Как и любой нувориш, он ни в грош не ставил существующую элиту, хапал больше, чем мог проглотить, и плевать хотел на все законы, в том числе и на законы природы. О его смелых кадровых решениях, сомнительных связях, безоглядных загулах и загребущих лапах ходили легенды. Подчиненных он казнил и миловал, как восточный сатрап.
На руководящих должностях в МВД стали все чаще появляться люди его склада — аморальные деляги, циничные красавцы, пахнущие дорогим одеколоном и еще более дорогим коньяком. Руководство страны, на словах приверженное суровым догматам всеобщей уравниловки и пуританского большевизма, запаниковало. Трудно было бороться с настырной и беспринципной молодежью, втершейся в доверие к впавшему в старческий маразм генсеку. Да и силы были уже не те — мучил геморрой, заработанный на бесчисленных заседаниях Политбюро, отказывали почки, простуженные во время октябрьских бдений на Мавзолее, барахлили желудки, испорченные изысками спецкухни, с перебоями стучали сердца, безвозвратно отданные делу борьбы за освобождение рабочего класса, туманился рассудок, в котором отсталое собственническое подсознание боролось с передовым коммунистическим сознанием.
Трудно было даже представить себе, что случится со страной, если к власти придет поколение Зятька, лишенное пролетарских комплексов и марксистских рефлексий.
Абсолютно все: и политическая обстановка в мире, и настроение народных масс, и воля среднего звена партии, и даже само время — казалось, играло на руку Зятьку. И угораздило же его, себе на беду и на радость врагам, нарваться на Костю Жмуркина,. до этого скромно прозябавшего в провинции и никаких личных чувств к заместителю союзного министра не питавшего. Коса, как говорится, нашла на камень. Гений удачи столкнулся с гением злонравной любви.
А дело было так. Зятек, до этого успешно шерстивший южные и юго-восточные регионы страны, на манер татаро-монгольского хана везде насаждая своих верных баскаков и принимая щедрые дары от местной знати, внезапно нанес молниеносный визит в родные края Кости Жмуркина.
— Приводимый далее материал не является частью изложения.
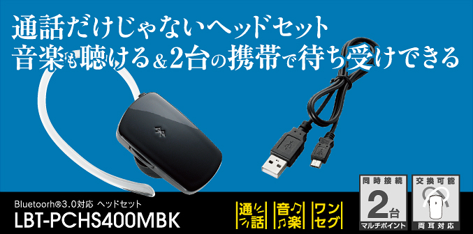 | LBT-PCHS400MBK | Bluetooth3.0ヘッドセット/USB充電ケーブル付き | 4992072058187 | オープン | ブラック、モノラル音楽対応 | |
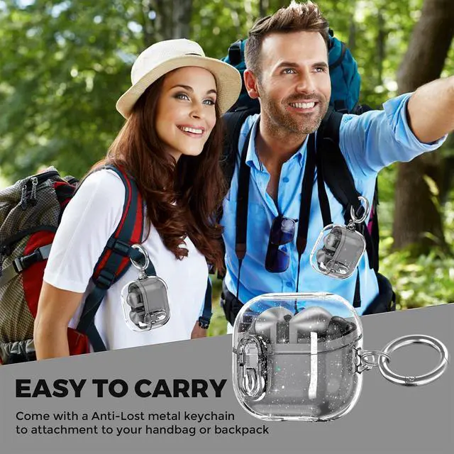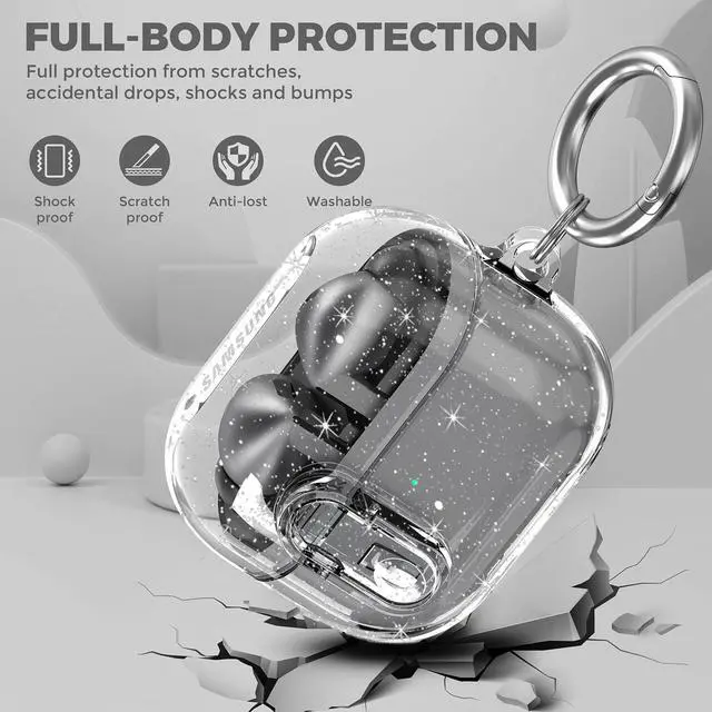 Compatible with Galaxy Bud 3 Pro Case/Buds3/Buds 3 FE Case Clear Lock Clip with Cleaner Kit, Transparent TPU Protective Cover Men Women with Carabiner, Glitter Clear
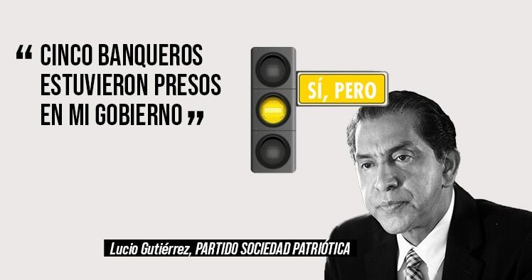 El expresidente y ahora nuevamente candidato a la presidencia por el Partido Sociedad Patriótica (PSP), Lucio Gutiérrez, afirmó que durante su gobierno (enero 2003 – abril 2005) “cinco banqueros estuvieron presos”. Así lo indicó en una entrevista con el medio digital GK. Los banqueros a los que se refiere el candidato sí estuvieron encarcelados por su participación en el feriado bancario, pero no fue por gestión de Gutiérrez, sino por procesos judiciales iniciados antes de su mandato.
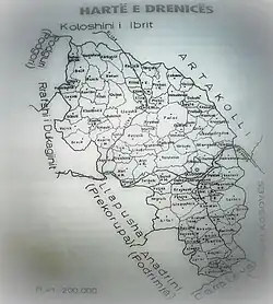 Draškovina was the name of a medieval Serbian župa (county) that included parts of Dukagjini and northern Drenica.[6] The area of Kosovo, including Drenica, was part of Vuk Branković's territory during the fall of the Serbian Empire.[7] Drenica was first mentioned as a župa at the end of the Middle Ages.[8] It was mentioned in 1413, when Đurađ Branković, his mother Mara, and brothers Đurađ and Lazar, endowed the village of Dobroševce to the Monastery of Saint Paul of Mount Athos. Despot Đurađ Branković (1427–1456) founded the Devič monastery in the region. There were many Serbian Orthodox monasteries besides Devič in Drenica, so it was often called the second Serbian Holy Mountain.[9] During the Ottoman period, the monastery of Devič was protected by local Albanian Muslims on whose territory Devič was situated on.[10]
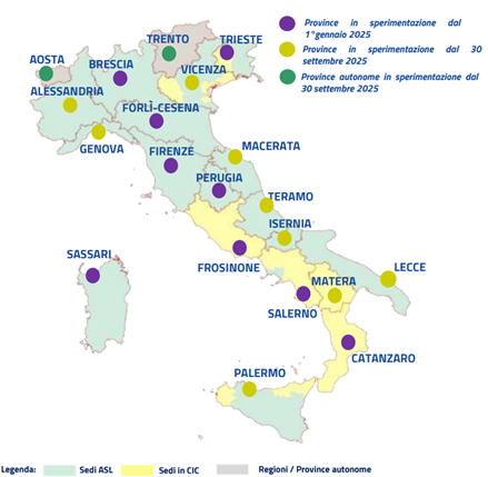 Come illustrato sulla cartina che segue, la prima fase sperimentale della riforma della disabilità è stata avviata il 1° gennaio 2025 su nove province. Una seconda è partita il 30 settembre 2025 su ulteriori undici territori.
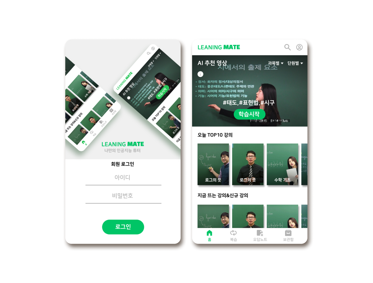 최종적으로 이펙트를 최대 제거한 버전으로 전달하였으며 자잘한 피드백 반영하여 완료하였습니다. 앱내 그래픽 및 아이콘 등 모두 자체제작하여 제공하였으며 내부 샘플이미지로 사용된 강의 이미지만 임의로 사용되었습니다. 데모이지만 본 서비스를 실제적으로 제공함에 있어서는 향후 인강 커버 이미지를 자체디자인 하여 다양한 컬러풀하게 표지로 제공하면 사용자에게 구분하기 쉽고 한눈에 들어오는 서비스로 정착할것으로 생각되어집니다. 특히나 이런 영상 및 과목별 컨텐츠는 커버의 디자인요소를 크게 넣는 경향이 있어 (예: 4주 완성 영단 등)
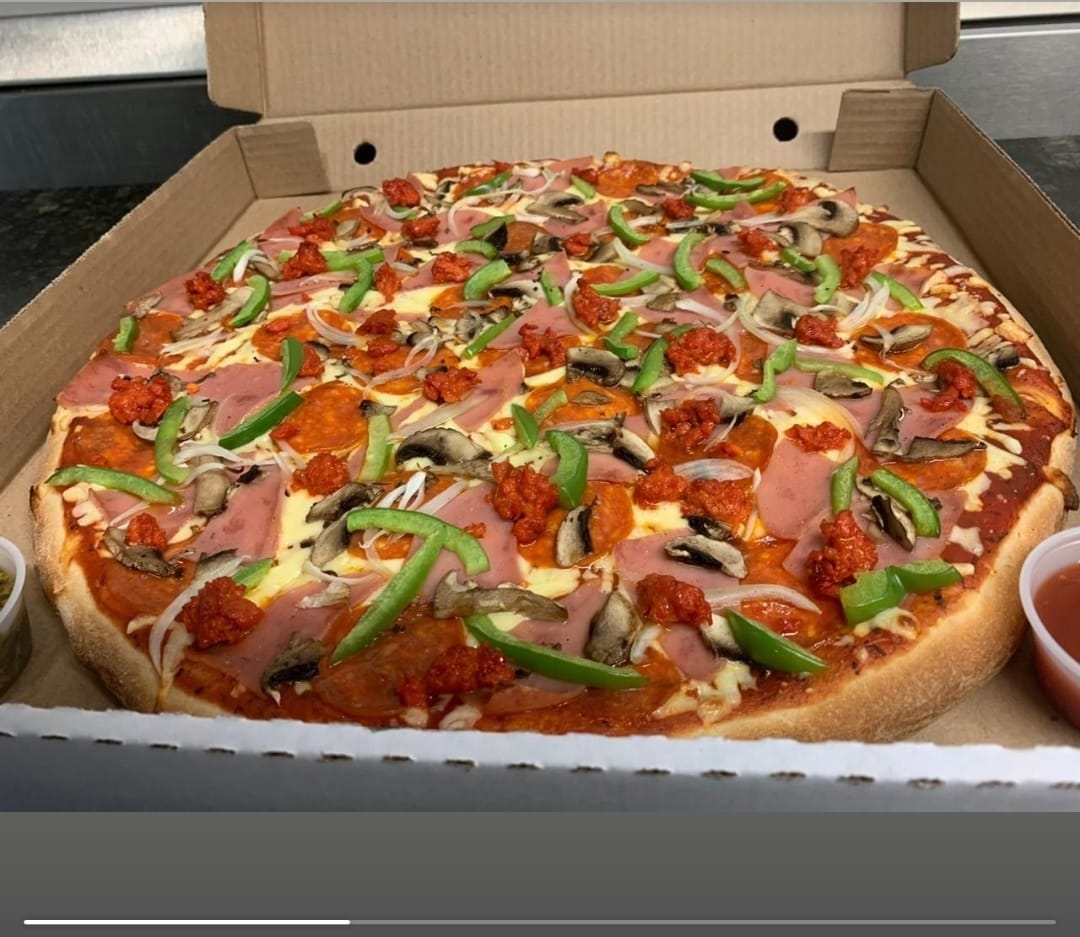 Peperoni, jamón, champiñón, cebolla, pimiento verde y chorizo.
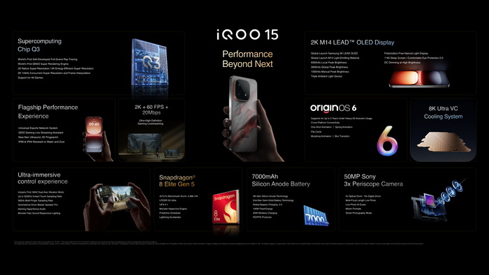 iQOO 15 พร้อมมอบประสิทธิภาพเกมมิ่งระดับพีซีบนสมาร์ตโฟนด้วยขุมพลังระดับแนวหน้า Snapdragon® 8 Elite Gen 5 ผสานการทำงานกับ Supercomputing Chip Q3 เพื่อประสบการณ์ที่คมชัดและลื่นไหลที่สุด พร้อมรองรับเกมครบทุกแนว เล่นได้เต็มที่ยิ่งขึ้น เร็วขึ้น ภาพสวยขึ้น บนหน้าจอแสดงผลระดับท็อป iQOO × Samsung 2K LEAD OLED ความละเอียด 2K 144Hz ชัดใส สบายตา แม้ใช้งานกลางคืน บนความสว่างสูงสุด 6000nits รับประกันความลื่นไหลในทุกจังหวะเกมแบบไม่ต้องพักชาร์จนาน ด้วยแบตเตอรี่ BlueVolt 7000mAh ผนวกกับระบบชาร์จไวแบบใช้สาย 100W FlashCharge ชาร์จไวไร้สาย 40W และเทคโนโลยีระบายความร้อนที่ใหญ่ที่สุดในวงการอย่าง VC Vapor Chamber 8,000 ตร.มม.
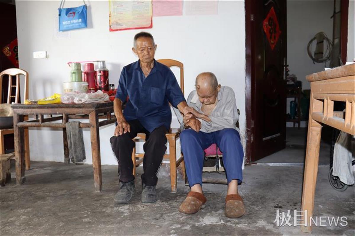 每天早晨,安陆市李店镇七汪村,人们常会看见一位白发老人用轮椅推着另一位老者在村里静静散步。
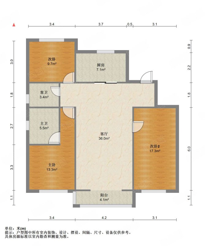 厅室3室2厅2卫1阳台
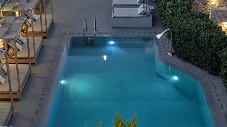 Das Kosmoplaz Beach Hotel bietet eine hervorragende Lage direkt am schönen Strand von Platis Gialos und ist nur 3 km von Mykonos-Stadt entfernt. Das Hotel beeindruckt mit einem Pool, einem Hydromassage-Whirlpool und einem Restaurant auf der Dachterrasse mit einem atemberaubenden Blick auf das Meer. Die klimatisierten Zimmer verfügen alle über einen Balkon mit Blick auf den Pool oder die Ägäis und sind mit modernen Annehmlichkeiten wie einem Flachbild-Sat-TV und einer Minibar ausgestattet. WLAN steht in allen öffentlichen Bereichen kostenlos zur Verfügung. Genießen Sie ein amerikanisches oder griechisches Frühstück und erfrischende Getränke und Cocktails auf der Dachterrasse. Das Hotel bietet außerdem einen kostenlosen Transferservice zum Hafen oder zum Flughafen. Eine Bushaltestelle mit Verbindung nach Mykonos-Stadt befindet sich ebenfalls in der Nähe des Hotels.
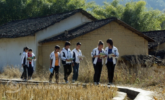 另一间学生宿舍里,几个学生正在讨论着作业。室内两排床中间的走道上,原木钉成的桌子上,整齐的摆放着书本,一个床头挂着一塑料袋干菜,那是三个女生一周的佐餐菜肴,之所以要挂起来,是防止虫子和老鼠与她们争食。宿舍外走廊的防护墙上,一个初二的女生正在翻动着她晾晒的发黑的几片番薯干。她告诉笔者:学校晚上不能煮饭,那是她晚自习的干粮。笔者向她要了一块,放到嘴里,简直像石头一样硬,根本嚼不动。笔者问:这么硬你能咬得动吗?她教笔者道:先放进嘴里含着,慢慢吸吮,等慢慢变软了就可以咬动了。
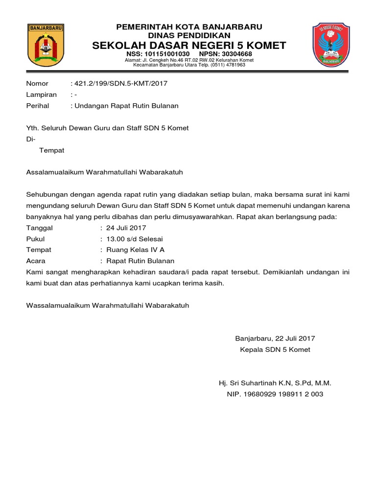 Karena ini biasanya digunakan oleh sebuah instansi pemerintahan maka harus ada kop surat nomor surat lampiran dan juga perihalkop surat memuat nama instansi pemerintahan alamat instansi dan juga nomor telepon fax ataupun email. Demikianlah contoh surat undangan untuk keperluan rapat di sekolah yang bisa admin berikan pada kali ini. Jika anda adalah seorang karyawan atau staf perusahaan mungkin tertarik melihat artikel lainnya silahkan baca di contoh surat bisniskembali ke topik bahasan pada artikel kali ini akan. Surat undangan dapat berupa surat resmi maupun tidak resmi. Rapat sendiri memiliki arti suatu kegiatan yang berisi diskusi guna membahas hal hal seperti merencanakan dan mengevaluasi sebuah kegiatan pada suatu tempat. Download contoh surat undangan rapat sekolah doc.
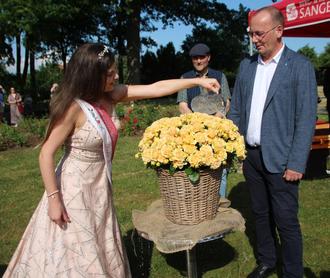 In der Farbe Gold ging es auch am 17. Juni im Rosarium weiter. Anlässlich des 120. Jubiläums des Europa-Rosariums tauften Oberbürgermeister Sven Strauß und Rosenprinzessin Leni I. eine neue Rose.
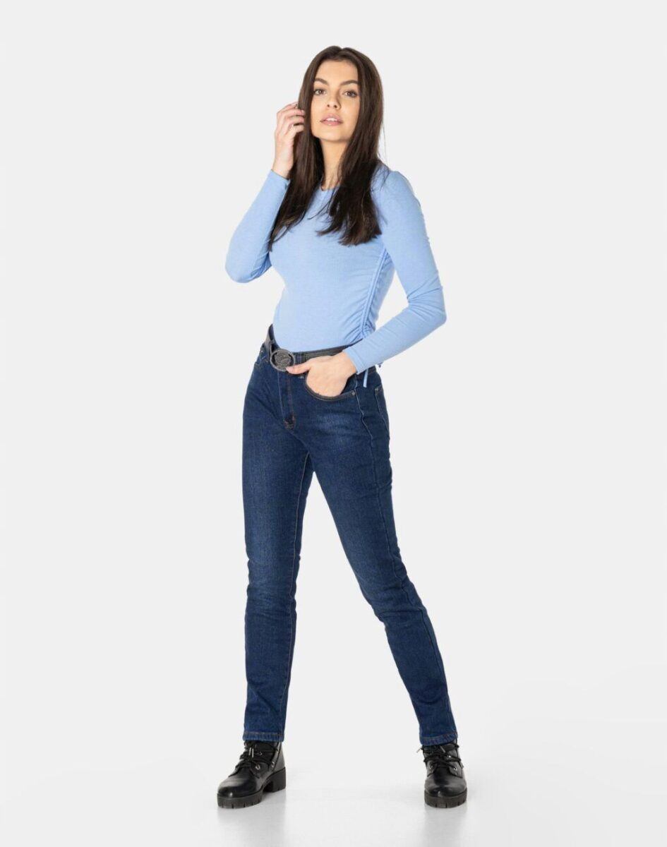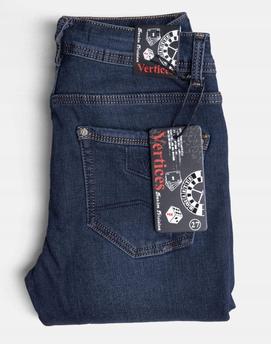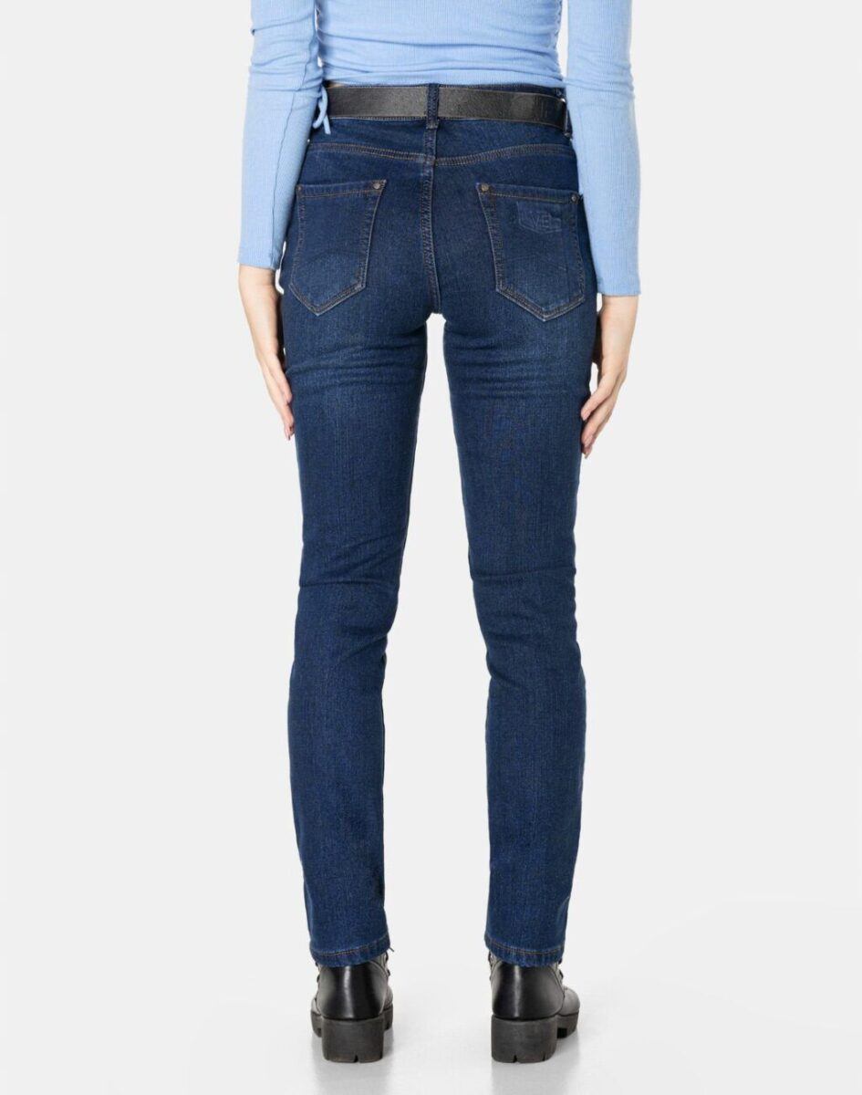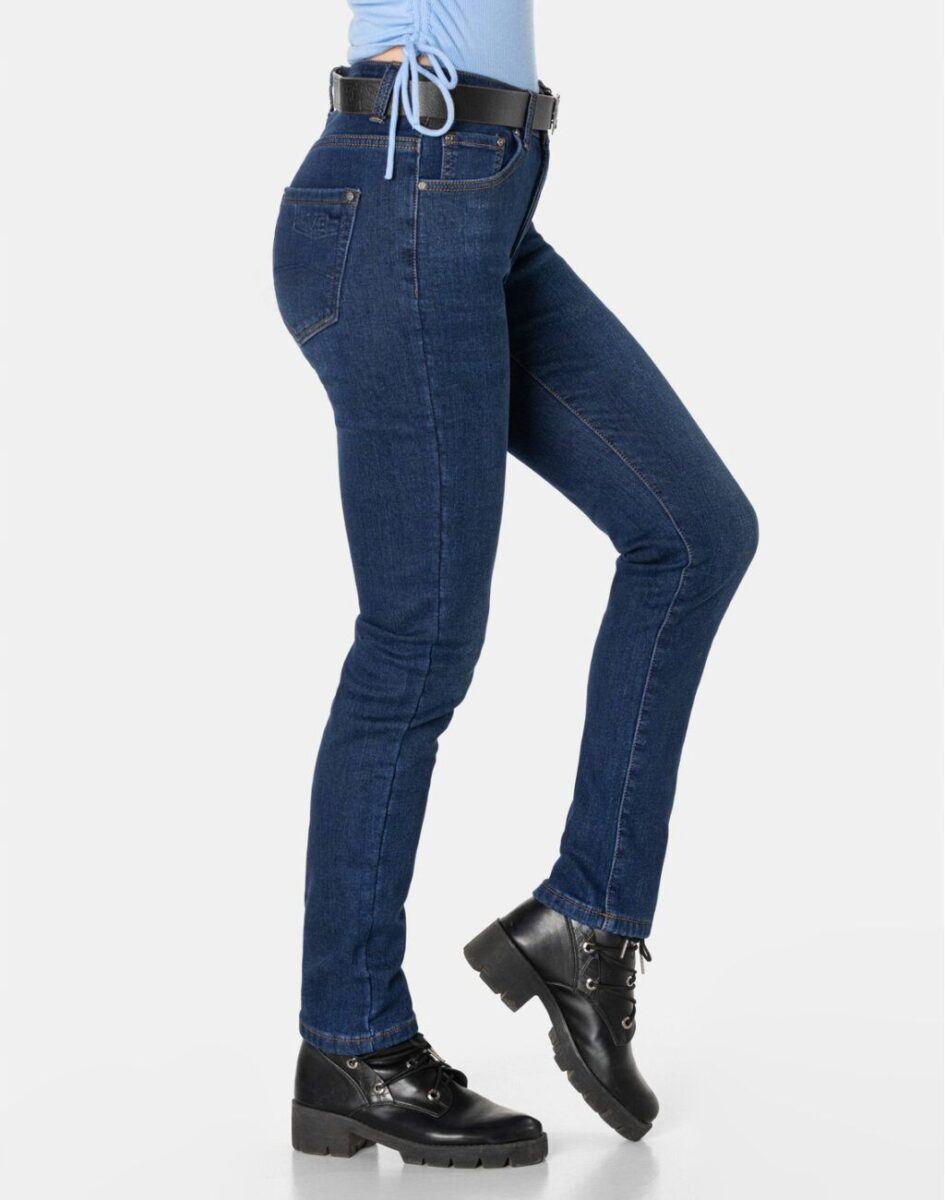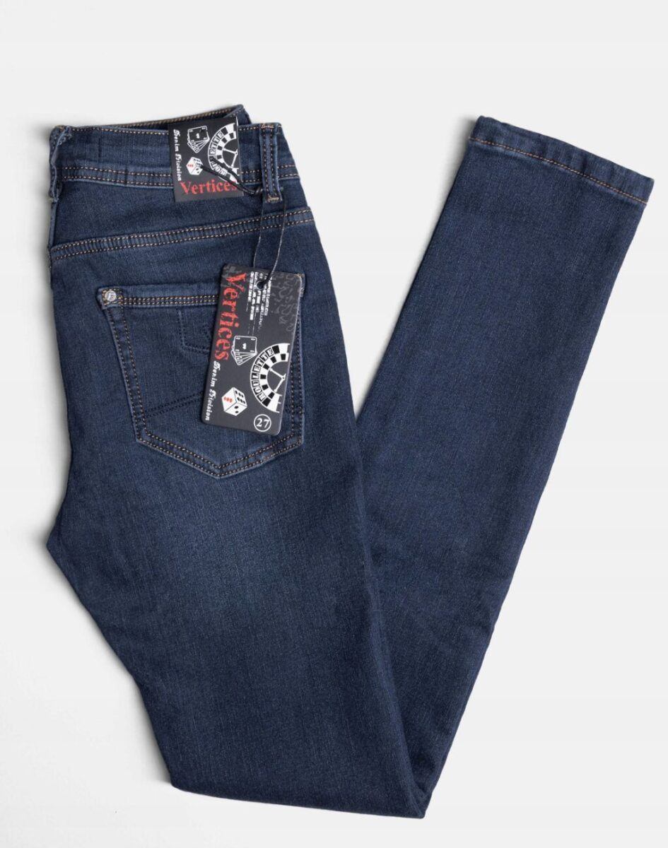 Ciepłe Jeansy damskie model 970 to klasyczne, bardzo szykowne rurki w kolorze granatowym „Dark Blue”, ocieplone od wewnętrznej strony mikropolarem, z wąskimi nogawkami o wyszczuplającym optycznie kobiecą sylwetkę fasonie i wyższym stanie. Zapinane są na kryty zamek błyskawiczny i metalowy guzik sygnowany logiem firmy. Z przodu mają dwie kieszonki zaokrąglone oraz mniejszą kieszonkę tzw. bilonówkę, a na tyle klasyczne kieszenie naszywane jak w typowych spodniach jeansowych. W pasie szlufki umożliwiające stylizacje z paskiem. Najbardziej podatne na uszkodzenia miejsca wzmocnione są dodatkowymi przeszyciami oraz ozdobnymi nitami. Uszyte z mocnego jeansu z niewielkim dodatkiem lycry (elastan) dzięki czemu spodnie są bardziej elastyczne co pozwala na pełną swobodę ruchów, daje komfort przy siadaniu i zapewnia ogromny komfort noszenia.
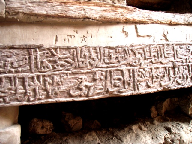 Sur les murs, des figures animales et des calligraphies : ma préférée est une sorte d’ibis qui porte « bismila el Rahim… » dessiné sur ses ailes. Sur un autre mur je distingue un cheval ailé (les ailes sont formées par un oiseau entier empaillé qui semble surgir du mur) en dessous une tête de mouton est aussi incrustée dans la maçonnerie. C’est la lecture de la calligraphie qui donne la clé : il s’agit du sacrifice d’Abraham survient le mouton qui sauvera l’enfant. Pour le cheval ailé, interprétation personnelle : il s’agit peut être de la monture du Prophète ?

Находясь почему-то не в лучшем расположении духа, он прямо в аэропорту устроил разнос встречавшим его официальным лицам, среди которых был генерал-майор Быкодеров, в качестве талисмана захвативший с собой безответного Костю.
Каждому начальнику приходилось поочередно отчитываться перед высокопоставленным гостем, на основании доносов, слухов и сплетен уже составившим свое собственное представление о положении дел в правоохранительных органах республики. Достаточно было двух-трех превратно истолкованных слов, чтобы полковники становились подполковниками, майоры — капитанами, а цветущие мужчины, на висках которых только-только начинала пробиваться седина, отправлялись на пенсию.
Досталось и Быкодерову. От полного морального уничтожения его спасло, наверное, только Костино присутствие да еще то обстоятельство, что присвоение и снятие генеральского звания являлось прерогативой исключительно местного Верховного Совета.
Вид Быкодерова, трясущегося от страха, бормочущего жалкие оправдания и лакейски заискивающего перед похмельным молодцем, в сыновья ему годящимся, не мог не вызвать у Кости чувства глубокого удовлетворения. Это было именно то, что Альберт Эйнштейн, правда, в совершенно ином контексте, называл «кратким мигом торжества».
Впрочем, довольно скоро Зятек сменил гнев если и не на милость, то хотя бы на относительную терпимость. Кадровые перестановки прекратились. Головомойки поутихли, руководящий состав МВД вздохнул с облегчением, словно баба, проводившая со двора взвод солдат-мародеров, неосмотрительно пущенных ею на постой.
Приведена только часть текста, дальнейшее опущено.